Understanding your customers will drive your success.
Co-founder of Orenda, Stanford Student, Product Designer
Designer, Incessant Doodler, Coffee Lover
Be sensitive to customers and their needs; put the people first.
Consult with people that you trust
Word usage and connotation are incredibly important
Lesson: Design & Prototyping with Devika Patel & Natalie Griffen
Step #2 Customer Discovery: Understanding your customers will drive your success
Common questions to be asking when designing a product include asking what they think the need is in their community, definitely asking them what about products that they have seen in the community, and why they think they have or haven’t worked, and this is useful if you have a specific product you want to talk about that is popular enough that they probably would know about it, and being able to ask specific questions about why they think this product would work or not.
One question that I always ask is, “What do you want?” If you were an engineer, or if you had all the money in the world, what would you want to do for your community? And that’s when parents, researchers, anyone you're talking to really gets down to what they really want to see and they have the idealistic views that we can use then hone in on tangible products. I think it is very important before you start talking to your users to learn about not only the overview of what you’re trying to learn about, but also sensitivities in wording.

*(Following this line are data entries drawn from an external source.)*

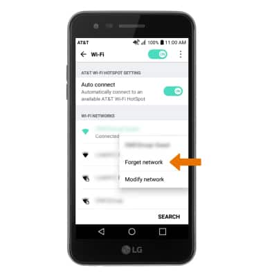 - REMOVE WI-FI NETWORK: Select and hold the desired network name, then select Forget network.
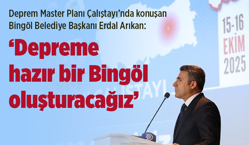Başkan Arıkan: “Depreme hazır bir Bingöl oluşturmak için iş birliğiyle hareket ediyoruz”Bingöl Belediye Başkanı Erdal Arıkan, afetle mücadelenin ilk şartının afet öncesi hazırlık olduğunu vurgulayarak, daha dirençli ve güvenli şehirler inşa etmenin önemine dikkat çekti. Arıkan, konuşmasında şu ifadelere yer verdi:
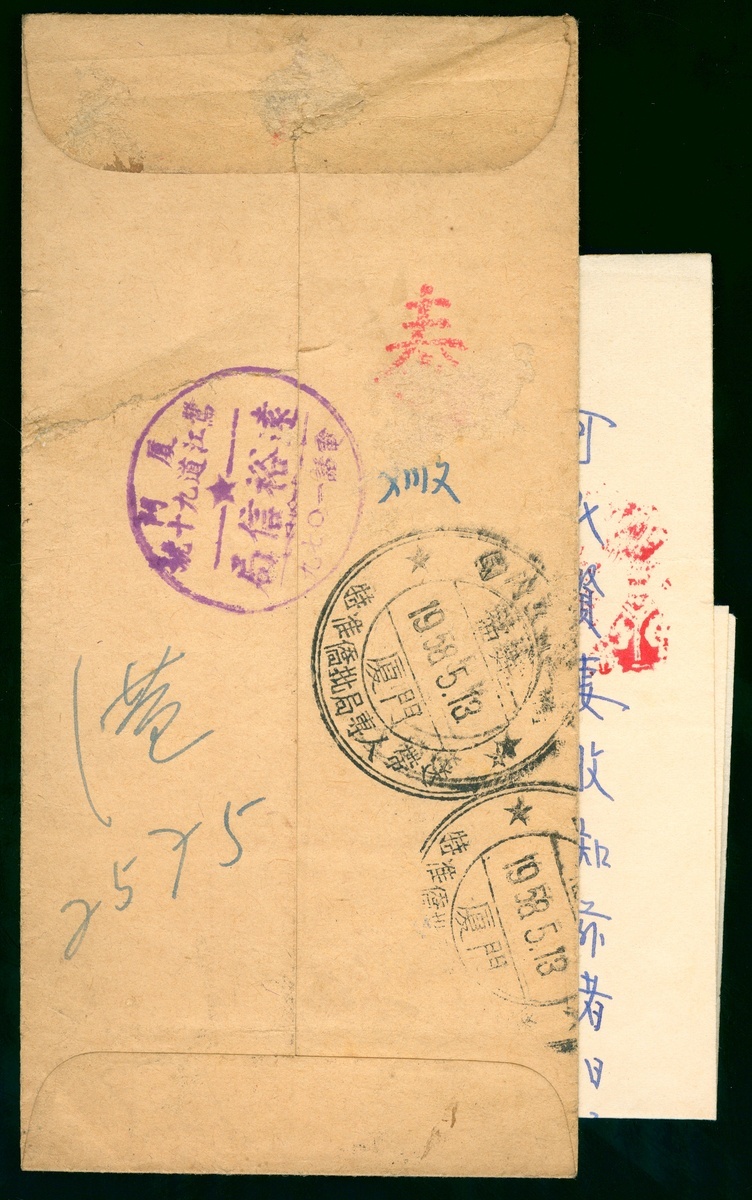 1958 (13 May) cover with content to Yungchun with Amoy c.d.s.

For example in the autism community we tend to not refer to individuals as autistic but we put the person first, so parents really appreciate it when you say children with autism rather than autistic children. It’s a really important distinction to them because they want their child to be recognized as a person first and then attach the autism with it rather than attaching autism to the front of it. The connotations of words are really, really important.

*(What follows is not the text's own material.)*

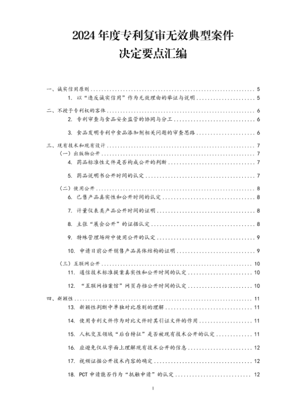 【国家知识产权局专利局复审和无效审理部】【2024】2024年度专利复审无效典型案件 决定要点汇编-36页 指南

Another really big thing in the autism community that we had to be very cognizant of is the use of the word “normal” and this is a really sensitive topic in autism because what really is normal. What we use is for children or individuals who do not have autism, we refer to them as neurotypical. By picking up on these sensitivities in language and also in just being respectful to your audience, you should just be aware to pick up on this.
So when we were trying to figure out how we’d go about talking to this community, we talked to one of our trusted advisors who is a psychiatrist here at Stanford and she pointed out to us that these word sensitivities are really important to look at. By being able to pick up on that beforehand and when we went into our first interview and were able to use the word “neurotypical,” parents really felt like this was a really safe space for them.

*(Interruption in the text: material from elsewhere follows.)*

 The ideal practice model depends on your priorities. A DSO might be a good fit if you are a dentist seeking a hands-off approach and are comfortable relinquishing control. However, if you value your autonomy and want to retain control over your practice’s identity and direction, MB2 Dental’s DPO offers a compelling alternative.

We also needed to keep in mind the culture of our users and make sure that we took that into account when we designed our product, making sure that we designed products that could fit for a wide array of users, and understand that some cultures might not be as willing to give out personal information. That's one big thing that we saw is that some parents are willing to tell us everything about their child while other parents tend to sugarcoat it or tend to not want to say as much, so finding a balance especially since our product relies on this type of information was important in our design process.